Sickle cell anemia (SCA) is a common recessive genetic condition in which patients produce hemoglobin S (HbS), an abnormal form of the protein, instead of hemoglobin A, the regular form. SCA is caused by the substitution of a single nitrogenous base adenine for thymine (GAG-> GTG), encoding valine instead of glutamine.¹ Deoxygenation of HbS leads to its polymerization, damaging the cell membrane and reducing the lifetime of erythrocytes dramatically – which, in turn, leads to anemia. In some regions of Africa, up to 40% of the population possess its genetic trait, being considered a public health serious problem². As the disease is possibly deadly, presents very low cure chances and has limited treatment, carriers determination is a key feature to assist in reproducibility decisions. Currently, trait determination is mainly performed by liquid chromatography, electrophoresis and polymerase chain reaction (PCR)^3,4. These techniques are not widely used due to its complexity, lack of portability, high price and specialized personal and equipment demand. In this study we have developed an electrochemical genosensor for simple, low cost and rapid SCA carriers determination. Single DNA strands corresponding to the sequence of a SCA carrier were immobilized in gold platforms using the self-assembled-monolayers technique. The determination of SCA trait is then performed by analyzing the film’s charge transfer resistance using Electrochemical Impedance Spectroscopy. The genosensor was able to distinguish between healthy and unhealthy subjects with great precision besides displaying a wide linear range (0.01 to 7.5 µmol/L, R² = 0.927). Furthermore, the device presented a detection limit of 7.0 nmol/L. We expect that such devices increases the number of SCA carriers determination, promoting early diagnosis and genetical counseling.

References:

1              Barany, F. Genetic-Disease Detection and DNA Amplification Using Cloned Thermostable Ligase. Proceedings of the National Academy of Sciences of the United States of America 88, 189-193, doi:10.1073/pnas.88.1.189 (1991).
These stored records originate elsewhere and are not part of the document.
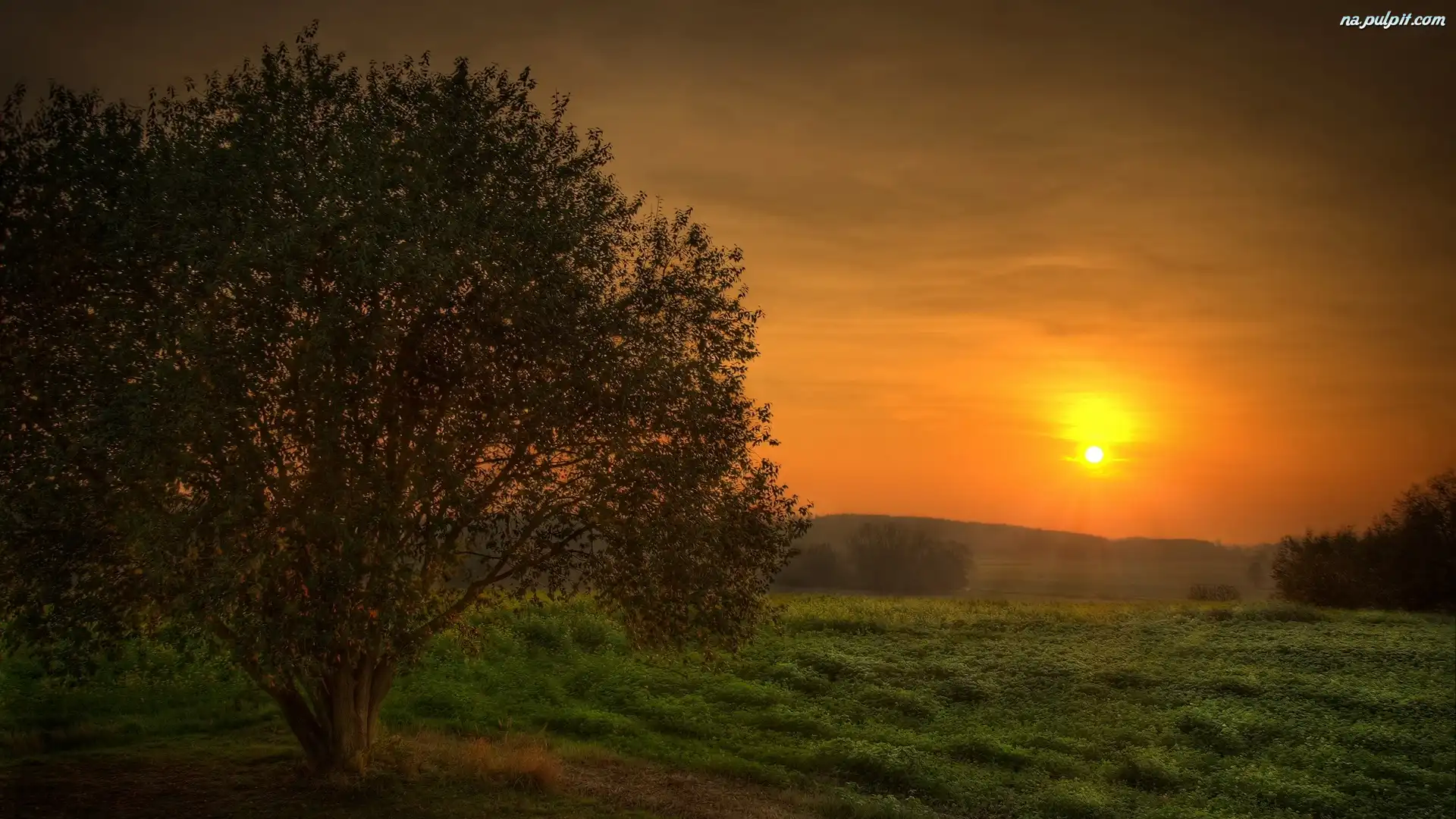 Słońca, Łąka, Drzewo, Zachód Na Pulpit
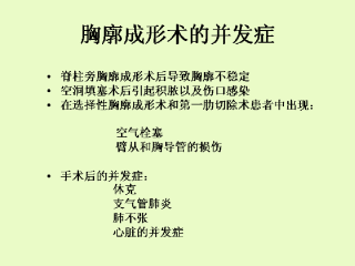 Sauerbruch的胸廓成形术是一项扩大手术,有严重的并发症。空洞填塞术导致较多的并发症。肺尖萎陷术伴第一肋切除相比之下较为理想。即使如此,肺结核的治疗还是有了进一步的进展。适当麻醉后进行支气管内插管,使得肺手术成为可能,这项操作对于病变局限于一侧肺叶的患者尤为有价值
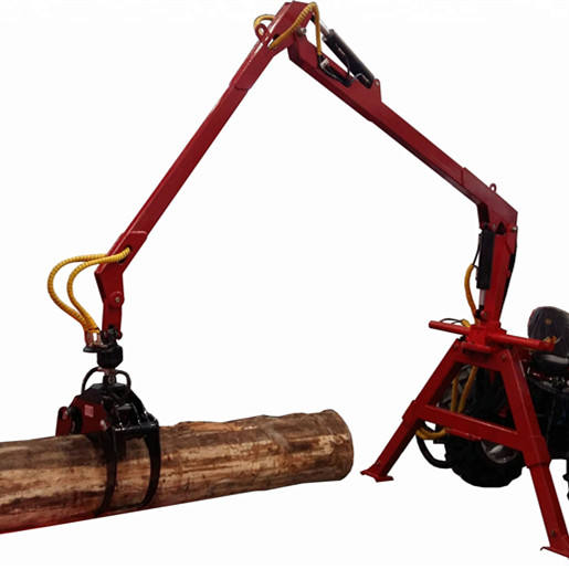 Petite grue forestière, grue forestière, remorque forestière avec grue
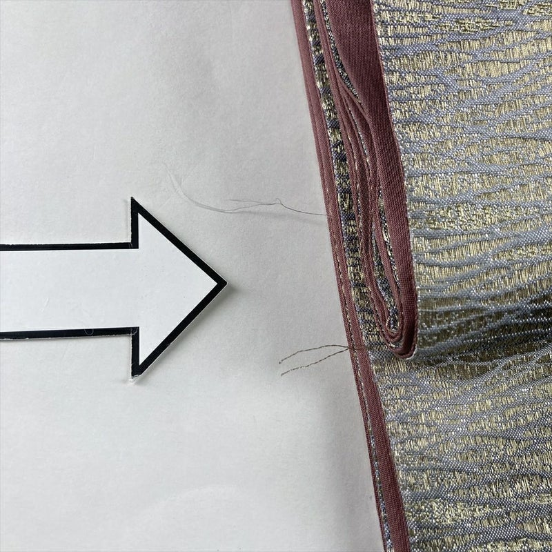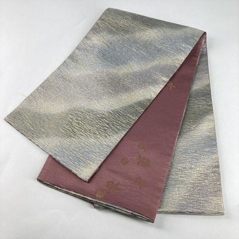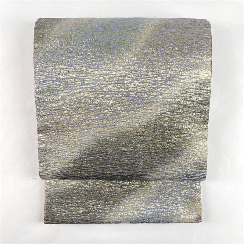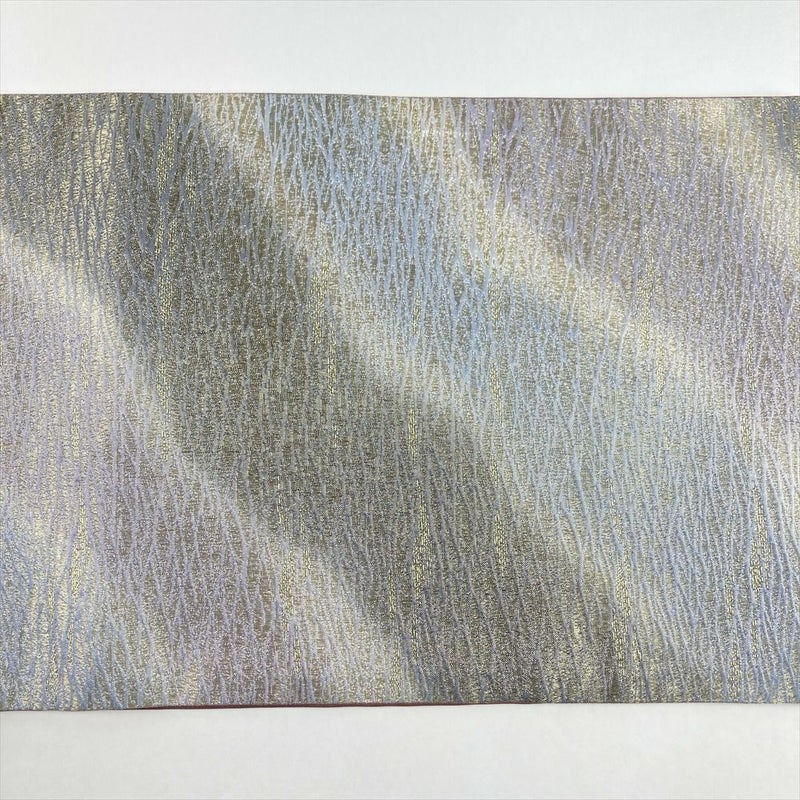 金・銀・薄紫の色彩が織りなす斜めぼかしが、洗練された印象を放つ袋帯です。
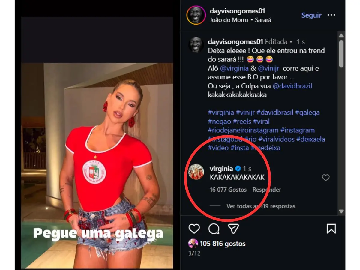 No vídeo publicado por Dayvison no Instagram, imagens de Virginia e Vini Jr. são exibidas enquanto a música toca. Na legenda, ele brinca: “Deixa eleeee! Que ele entrou na trend do sarará !!! Alô, Virginia e Vini, corre aqui e assume esse B.O por favor… Ou seja, a culpa é sua, David Brazil kakakkakakakkaaka”. A publicação viralizou rapidamente nas redes sociais.

2              Diallo, D. & Tchernia, G. Sickle cell disease in Africa. Current Opinion in Hematology 9, 111-116, doi:10.1097/00062752-200203000-00005 (2002).

3              Ayatollahi, M. & Haghshenas, M. Application of the polymerase chain reaction to the diagnosis of sickle cell disease in Iran. Archive of Iranian Medicine 7, 84-88 (2004).

4              Bender, M. A. & Seibel, G. D. Sickle Cell Disease.  (University of Washington, 2003).